> _GIVEN DATA_:
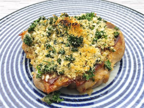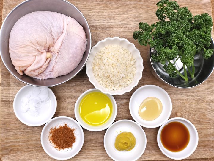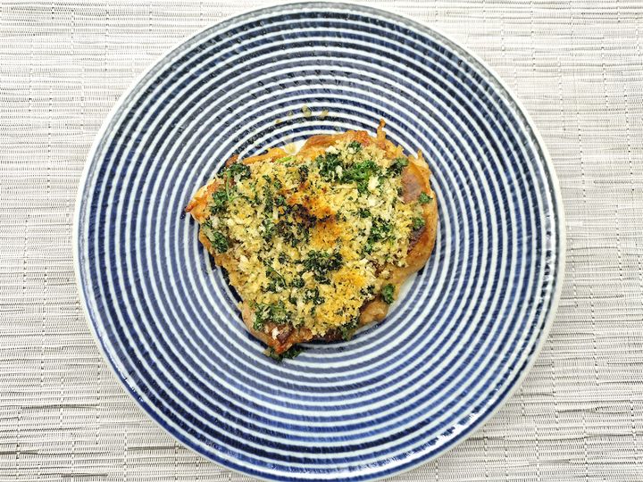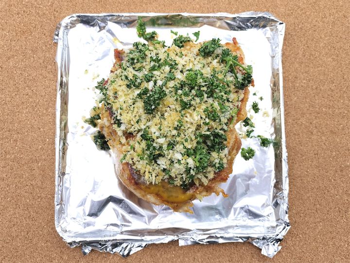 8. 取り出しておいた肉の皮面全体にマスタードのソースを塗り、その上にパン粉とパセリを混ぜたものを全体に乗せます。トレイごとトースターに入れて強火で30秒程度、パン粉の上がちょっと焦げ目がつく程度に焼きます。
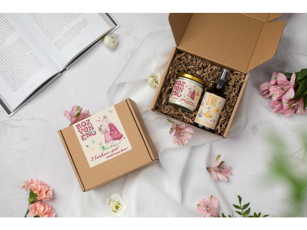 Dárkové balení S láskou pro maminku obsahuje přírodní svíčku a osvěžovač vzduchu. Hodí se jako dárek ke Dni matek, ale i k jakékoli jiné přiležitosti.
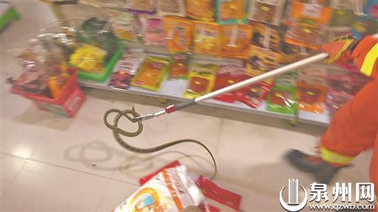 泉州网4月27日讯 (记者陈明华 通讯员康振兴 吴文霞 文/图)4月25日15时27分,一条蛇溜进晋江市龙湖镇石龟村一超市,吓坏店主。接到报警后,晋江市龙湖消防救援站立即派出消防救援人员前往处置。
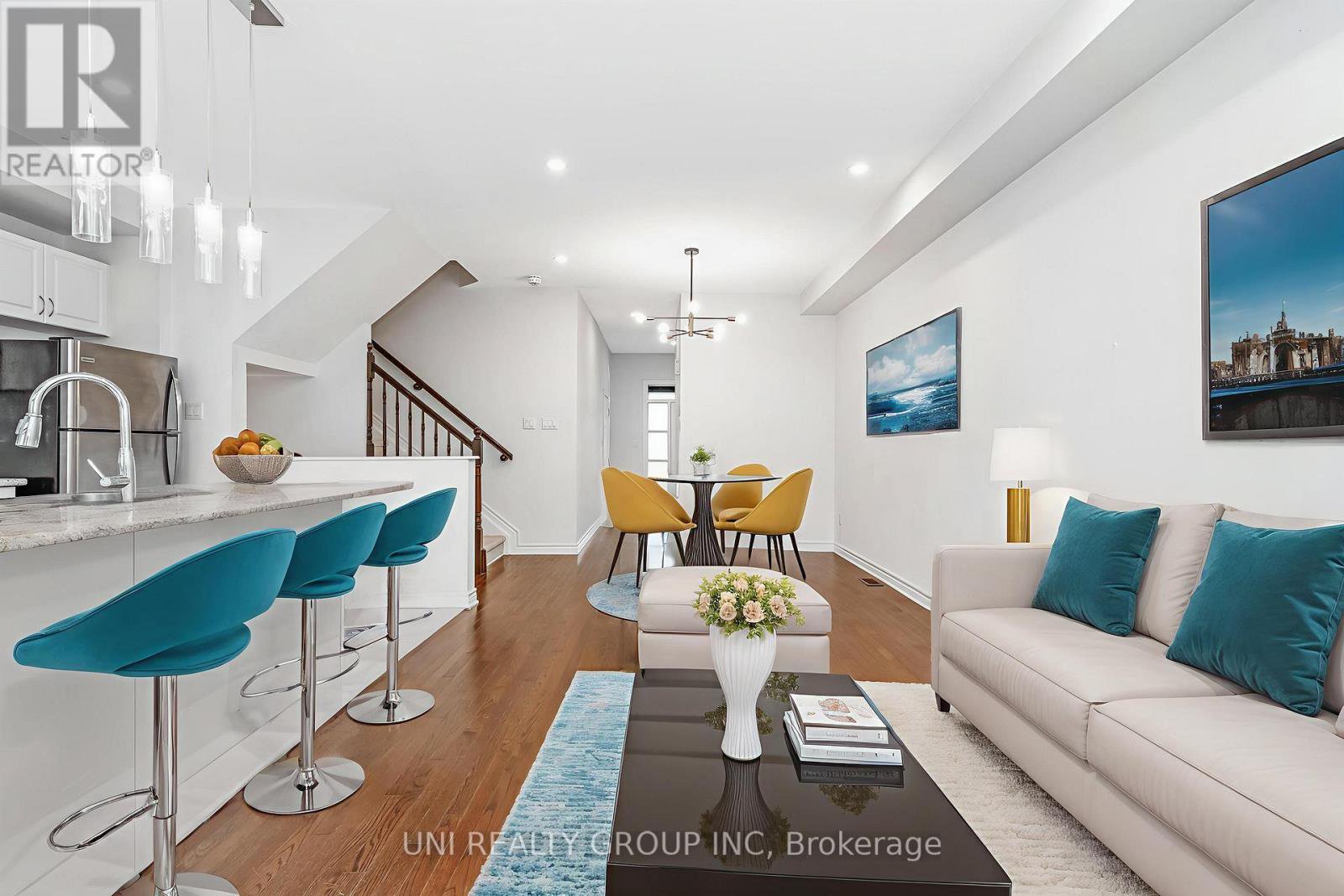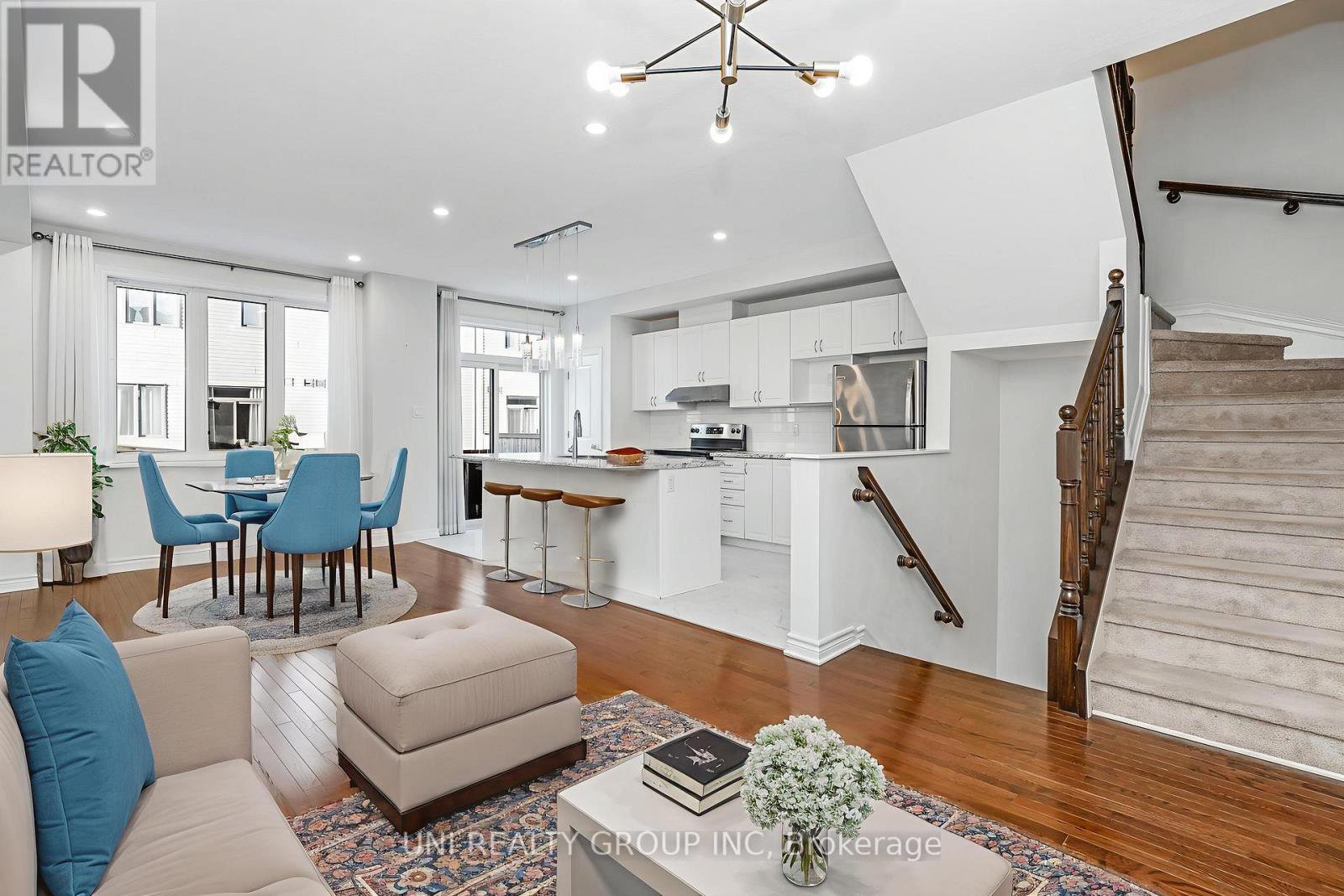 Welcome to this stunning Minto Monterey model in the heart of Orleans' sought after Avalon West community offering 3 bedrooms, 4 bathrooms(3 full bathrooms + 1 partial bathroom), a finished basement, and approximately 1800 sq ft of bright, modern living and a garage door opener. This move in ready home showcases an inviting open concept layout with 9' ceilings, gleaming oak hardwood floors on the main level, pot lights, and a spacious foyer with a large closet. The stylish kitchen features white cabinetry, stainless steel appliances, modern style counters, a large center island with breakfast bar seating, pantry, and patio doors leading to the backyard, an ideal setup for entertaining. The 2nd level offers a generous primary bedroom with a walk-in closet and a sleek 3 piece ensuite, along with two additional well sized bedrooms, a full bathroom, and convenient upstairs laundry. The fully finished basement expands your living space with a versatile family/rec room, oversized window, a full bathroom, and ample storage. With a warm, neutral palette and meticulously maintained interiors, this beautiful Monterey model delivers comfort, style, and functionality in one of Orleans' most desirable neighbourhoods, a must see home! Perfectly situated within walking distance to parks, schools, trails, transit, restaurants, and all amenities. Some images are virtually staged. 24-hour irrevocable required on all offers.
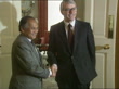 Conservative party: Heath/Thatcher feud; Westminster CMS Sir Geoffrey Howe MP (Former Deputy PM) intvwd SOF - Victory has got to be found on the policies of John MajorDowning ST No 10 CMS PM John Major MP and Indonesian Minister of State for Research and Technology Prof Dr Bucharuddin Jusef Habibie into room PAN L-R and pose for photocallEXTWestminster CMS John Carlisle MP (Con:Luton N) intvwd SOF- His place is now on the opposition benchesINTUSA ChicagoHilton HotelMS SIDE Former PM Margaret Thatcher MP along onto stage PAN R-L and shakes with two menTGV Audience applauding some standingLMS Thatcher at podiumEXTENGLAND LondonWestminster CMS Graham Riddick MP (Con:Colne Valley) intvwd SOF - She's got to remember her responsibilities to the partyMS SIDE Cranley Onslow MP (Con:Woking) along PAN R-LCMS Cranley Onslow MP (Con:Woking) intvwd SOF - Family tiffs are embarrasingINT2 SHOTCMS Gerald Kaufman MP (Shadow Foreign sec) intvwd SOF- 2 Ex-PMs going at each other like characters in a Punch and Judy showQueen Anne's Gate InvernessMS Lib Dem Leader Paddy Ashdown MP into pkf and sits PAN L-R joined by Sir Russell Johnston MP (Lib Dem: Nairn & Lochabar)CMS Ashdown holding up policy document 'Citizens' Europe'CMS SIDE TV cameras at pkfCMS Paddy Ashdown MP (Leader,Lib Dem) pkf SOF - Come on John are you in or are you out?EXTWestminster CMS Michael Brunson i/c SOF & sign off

> _WHAT TO DO_: Write out the data once more exactly, omitting the pictures.

> _RESPONSE_:
 8. 取り出しておいた肉の皮面全体にマスタードのソースを塗り、その上にパン粉とパセリを混ぜたものを全体に乗せます。トレイごとトースターに入れて強火で30秒程度、パン粉の上がちょっと焦げ目がつく程度に焼きます。
 Dárkové balení S láskou pro maminku obsahuje přírodní svíčku a osvěžovač vzduchu. Hodí se jako dárek ke Dni matek, ale i k jakékoli jiné přiležitosti.
 泉州网4月27日讯 (记者陈明华 通讯员康振兴 吴文霞 文/图)4月25日15时27分,一条蛇溜进晋江市龙湖镇石龟村一超市,吓坏店主。接到报警后,晋江市龙湖消防救援站立即派出消防救援人员前往处置。
 Welcome to this stunning Minto Monterey model in the heart of Orleans' sought after Avalon West community offering 3 bedrooms, 4 bathrooms(3 full bathrooms + 1 partial bathroom), a finished basement, and approximately 1800 sq ft of bright, modern living and a garage door opener. This move in ready home showcases an inviting open concept layout with 9' ceilings, gleaming oak hardwood floors on the main level, pot lights, and a spacious foyer with a large closet. The stylish kitchen features white cabinetry, stainless steel appliances, modern style counters, a large center island with breakfast bar seating, pantry, and patio doors leading to the backyard, an ideal setup for entertaining. The 2nd level offers a generous primary bedroom with a walk-in closet and a sleek 3 piece ensuite, along with two additional well sized bedrooms, a full bathroom, and convenient upstairs laundry. The fully finished basement expands your living space with a versatile family/rec room, oversized window, a full bathroom, and ample storage. With a warm, neutral palette and meticulously maintained interiors, this beautiful Monterey model delivers comfort, style, and functionality in one of Orleans' most desirable neighbourhoods, a must see home! Perfectly situated within walking distance to parks, schools, trails, transit, restaurants, and all amenities. Some images are virtually staged. 24-hour irrevocable required on all offers.
 Conservative party: Heath/Thatcher feud; Westminster CMS Sir Geoffrey Howe MP (Former Deputy PM) intvwd SOF - Victory has got to be found on the policies of John MajorDowning ST No 10 CMS PM John Major MP and Indonesian Minister of State for Research and Technology Prof Dr Bucharuddin Jusef Habibie into room PAN L-R and pose for photocallEXTWestminster CMS John Carlisle MP (Con:Luton N) intvwd SOF- His place is now on the opposition benchesINTUSA ChicagoHilton HotelMS SIDE Former PM Margaret Thatcher MP along onto stage PAN R-L and shakes with two menTGV Audience applauding some standingLMS Thatcher at podiumEXTENGLAND LondonWestminster CMS Graham Riddick MP (Con:Colne Valley) intvwd SOF - She's got to remember her responsibilities to the partyMS SIDE Cranley Onslow MP (Con:Woking) along PAN R-LCMS Cranley Onslow MP (Con:Woking) intvwd SOF - Family tiffs are embarrasingINT2 SHOTCMS Gerald Kaufman MP (Shadow Foreign sec) intvwd SOF- 2 Ex-PMs going at each other like characters in a Punch and Judy showQueen Anne's Gate InvernessMS Lib Dem Leader Paddy Ashdown MP into pkf and sits PAN L-R joined by Sir Russell Johnston MP (Lib Dem: Nairn & Lochabar)CMS Ashdown holding up policy document 'Citizens' Europe'CMS SIDE TV cameras at pkfCMS Paddy Ashdown MP (Leader,Lib Dem) pkf SOF - Come on John are you in or are you out?EXTWestminster CMS Michael Brunson i/c SOF & sign off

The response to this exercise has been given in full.